While new crust is created at divergent boundaries, it gets destroyed where plates collide
at convergent boundaries. Here “subduction” occurs where one plate sinks underneath
another and deep trenches form. The sinking plate eventually melts into the mantle.
Purpose: you will simulate movement at convergent and divergent boundaries to see the
rock patterns that occur at each boundary.
Procedure:
1. Find the sheet of sea floor spreading model patterns and color the sections of the
patterns as indicated.
2. Carefully cut along the DOTTED lines (not the solid lines) to create two
multicolored long strips that should be identical.
3. Tape together the orange colored ends of each strip to create one very long strip.
4. Carefully cut slits A, B and C on the other half of the pattern
5. Thread the taped paper strips through Slit B, beginning with he untapped blue
ends. Pull one side through lit A and then the other side through slit C
6. Pull the thrips through the slits so that the same colors on both strips are coming
out of strip B and different matching colors are disappearing into slits A and C
Questions:
1. What kind of plate boundary does slit B represent?
2. What type of feature is represented at slit B? What is happening at that feature?

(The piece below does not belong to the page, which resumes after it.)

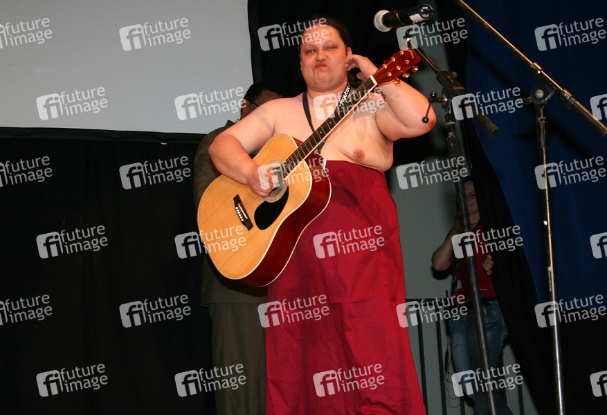 Musiker, Con-Helfer löst verlorene Saalwette ein. Er tritt nackt auf und spielt Gitarre

3. What type of feature is represented at slits A and slit C? What is happening at this
feature?
4. If each color on your strips of paper represent different ages of rock, which color is
youngest?
Which color is oldest?
5. A and C represent convergent boundaries, would these have old ocean floor or young
ocean floor?
6. New seafloor is continually being formed at mid-ocean ridges and old sea floor rock is
continually destroyed at ocean trenches. Continental crust cannot sink because it isn’t
dense enough and is too thick to sink into the mantle. Would you expect the average age
of continental rocks to be older or younger than oceanic rocks?

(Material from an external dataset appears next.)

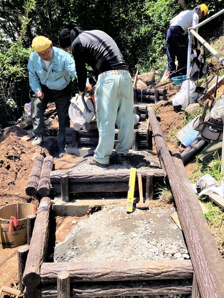 今日も着々と静かに続く階段の基礎工事は八合目程度

7. The Earth is 4.6 billion years old. How come the ocean floor rocks are less than 200
million years old?
Look at the map labeled “Age of the Rocks on the Atlantic ocean sea floor” to
answer the remaining questions
1. Where are the oldest rocks of the Atlantic ocean floor found?

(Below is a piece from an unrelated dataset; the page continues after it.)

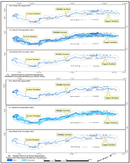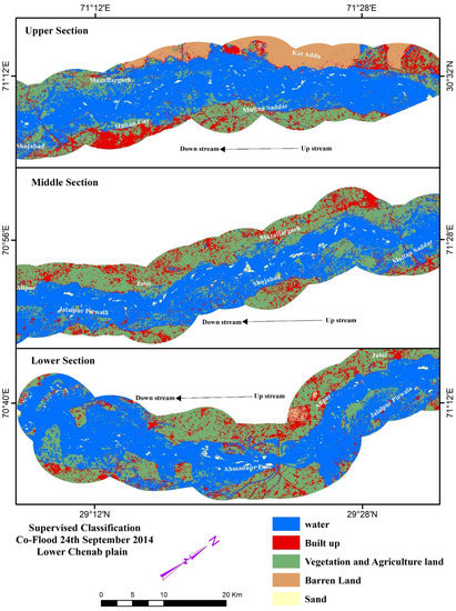 Sajjad, A.; Lu, J.; Chen, X.; Chisenga, C.; Saleem, N.; Hassan, H. Operational Monitoring and Damage Assessment of Riverine Flood-2014 in the Lower Chenab Plain, Punjab, Pakistan, Using Remote Sensing and GIS Techniques. Remote Sens. 2020, 12, 714. https://doi.org/10.3390/rs12040714

How old are they (use the key)?
2. Where are the youngest rocks in the Atlantic ocean found?
How old are they (use the key)?
3. Is the middle of the Atlantic likely a convergent boundary or is it a divergent
boundary? Explain how you can tell.
4. The oldest rocks between Africa and South America are ____________million
years old. The oldest rocks between North America and Africa are
__________million years old. Based on this evidence, what part of Pangaea
began to break apart first: the northern part or was it the Southern part?